Dinosaur Developments

boston museum

Dinosaurs

Like many Bostonians a great deal of my time in that fair city was spent in the Museum of Science. It is a fine museum, well suited to children. They have some incredible lightening making machines, a bed of nails that you can try out yourself, and lots of dinosaurs.

And outside the front door they have a model of a T Rex, you can see it in the photo. This model T Rex was built and placed in 1972, and here lies a story. We might feel that this great beast has been part of our culture for many years, it was first described in 1905, but the first almost full skeleton was only found in 1990 in South Dakota.

Now if you look at the model you see an upstanding T Rex, but the model is not a good replica. These dinosaurs did not stand erect like that, they were much more laid back in their posture due to their size and a considerable tail.

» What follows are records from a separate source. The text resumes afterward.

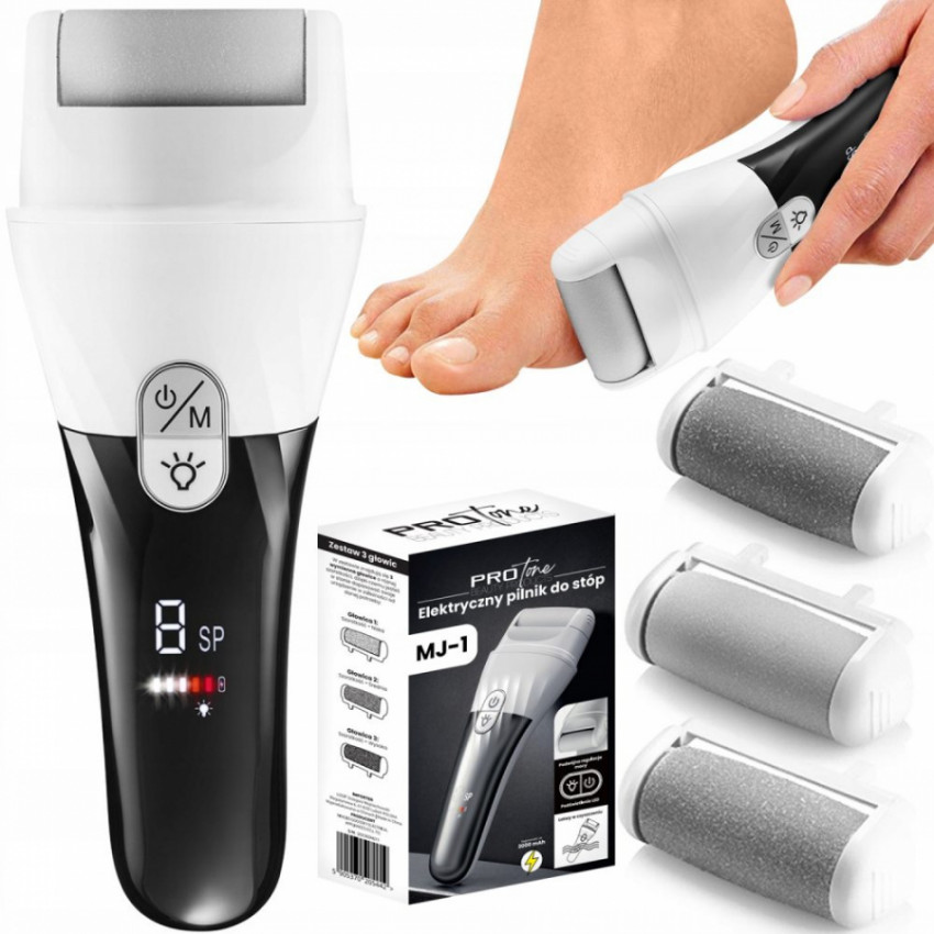 Vďaka inovatívnemu elektrickému prístroju na starostlivosť o chodidlá bude pokožka na chodidlách hladká a jemná na dotyk. Zbavte sa vrstvy zrohovatenej epidermy, kurích ôk, mozoľov atď. Procedúra vykonaná naším prístrojom je oveľa rýchlejšia a efektívnejšia ako pri použití bežného pilníka na chodidlá.
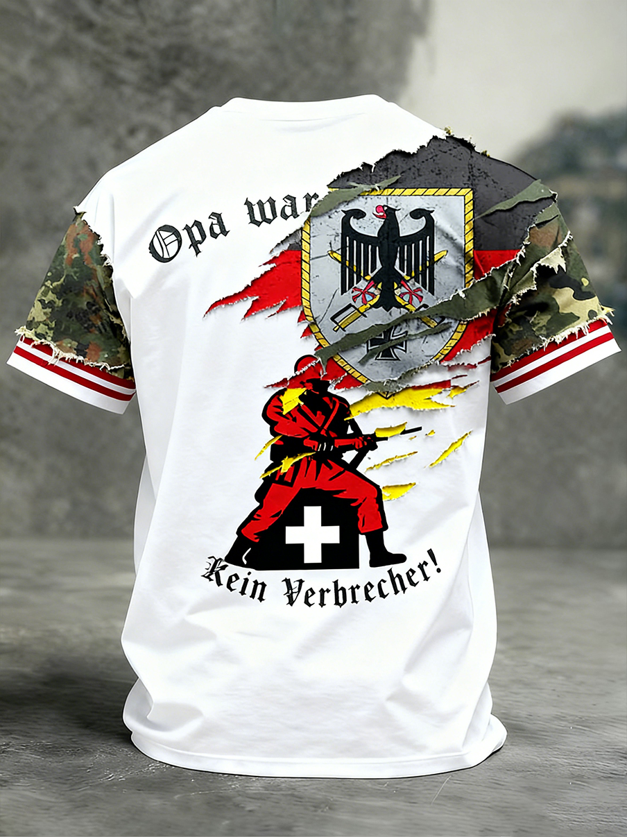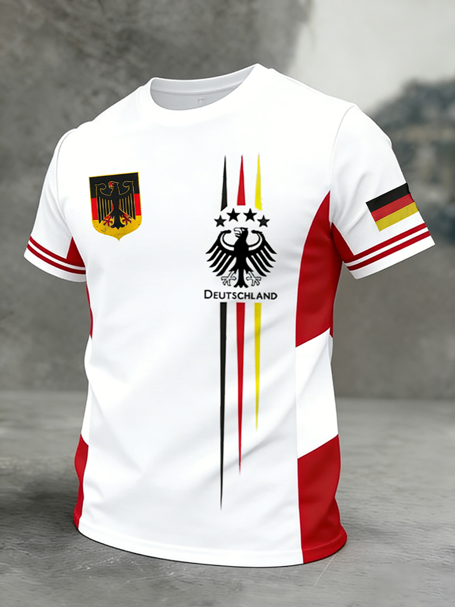 Herren Vintage deutsche Flagge Print Casual T-Shirt
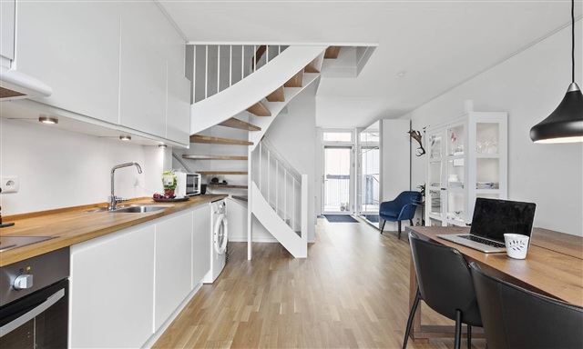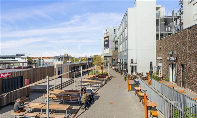 The residences are thoughtfully designed to emphasize both natural light and scenic views. Each unit features expansive windows, attractive parquet flooring, bright HTH kitchens, and spacious bathrooms. Several apartments include either a terrace or a balcony. The housing options range from one to five rooms, with some homes spanning multiple levels.Located atop the Kronen Shoppingcenter in Vanløse, this development comprises 118 contemporary apartments that offer peaceful surroundings, scenic vistas, and green courtyard spaces. The residences vary from townhouses suitable for larger families to studios perfect for younger individuals. Arranged in clusters, the homes foster a sense of community and facilitate an active environment for both children and residents.
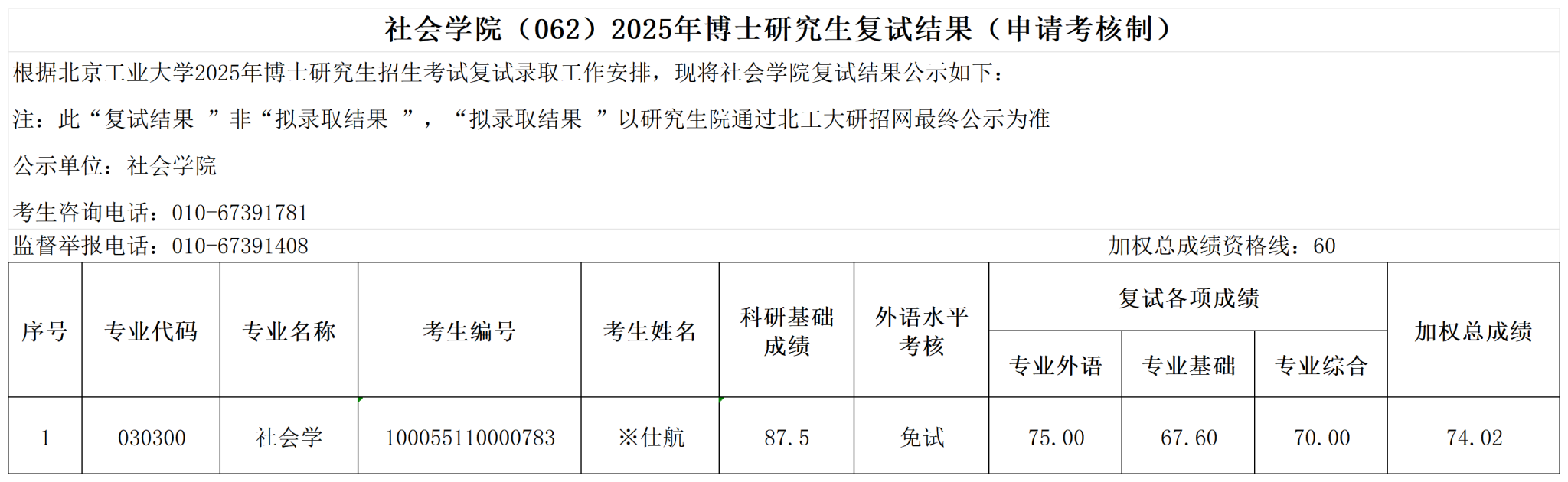 yl88858永利集团(062)2025年博士研究生复试结果(申请考核制)
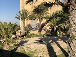23.4.19 Heute hat sich die Sonne durchgesetzt. Es ist immer noch windig und eher kühl, aber uns hält nichts mehr. Wir müssen raus und besteigen den nahegelegenen Puig Mala mit dem Kloster San Salvador auf der Spitze. Danach geht es weiter mit dem Mietwagen (6,90€/Tag) nach Lluc, zum vermutlich bekanntesten Kloster der Insel. Auch das erwandern wir uns und genießen die Umgebung und den botanischen Garten sehr. Auf dem Rückweg geht Silvia in Manacor noch 1 1/2h Schwimmen - endlich wieder nach langer Pause. Als wir mit dem Dinghy zum Boot wollen, stellen wir fest, dass der ausgelegte kleine Heckanker sich verfangen hat. Wir lassen ihn erst mal liegen, markieren ihn mit einer Wasserflasche und morgen muss wohl getaucht werden. Today the sun finally comes through and we go hiking. We visit two monasteries and on our way back to the harbor, Silvia uses the opporunity to go swimming in a public pool for 1 1/2 hrs. after a long break.
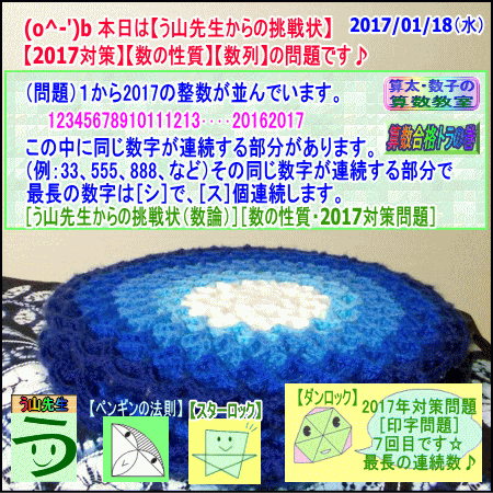 2016/01/04(水)[印字問題・数の性質・数列]1000番目、2017番目

Here below we see the reconstruction of Sue, the first almost complete skeleton brought to life in 1990 and mentioned above. Now Sue is well balanced, looks even more ferocious, and somewhat resembles a flightless bird. Just think how quickly science is developing!

Meet Sue

Meet Sue

Birds and chickens

So here I get to the meat on the bones. Birds seem to have evolved from dinosaurs, some dinosaurs even had feathers, and recently scientists have managed to create a chicken embryo with a dinosaur-like snout and palate, similar to that of small feathered dinosaurs like Velociraptor. The results are published in the journal Evolution. You can read the abstract here.

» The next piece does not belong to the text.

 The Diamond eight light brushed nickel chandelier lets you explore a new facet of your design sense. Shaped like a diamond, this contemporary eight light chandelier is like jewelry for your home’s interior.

They did not hatch the embryo, but manipulated genes that deal with facial development in birds, until the beak started to look more like a dinosour or aligator mouth. See the photo below taken from the BBC article on this story.

From Beak to Snout

From Beak to Snout

This is an interesting line of research. I am not worried about a Jurassic Park scenario, but it does seem to open a world of opportunities , and I am not sure that all of them have been explored. I wonder how far it could go?

4 thoughts on “Dinosaur Developments

  1. Christopher Roberts

    That’s fascinating. I didn’t know that we only found Sue in the 90s…
    It’s crazy to think that we are still in quite early stages of discovering the dinosaurs.

    I remember a while back news of a project trying to use elephants to grow a mammoth – and now this – growing a dinosaur! Well, a dinosaur chicken!

    This article has a great image of the dinosaur chicken evolution:
    http://yournewswire.com/dino-chicken-scientists-create-chickens-with-dinosaur-snouts/ – scroll down to just before the comments

  2. The bone discoveries also make you think about the art of reconstruction. How would you go about putting all those bones together? No wonder their have been competing shapes over the years. in the early days they put them all together with legs sticking out of the sides like crocodiles.

    • Christopher Roberts

      Ha ha! I suppose if you’ve got no tendons and tissue to help and the bones have been worn down, it must be hard to tell what goes where.
      We really need to find each type of dinosaur frozen in its historic state – like that frozen mammoth they found in Siberia.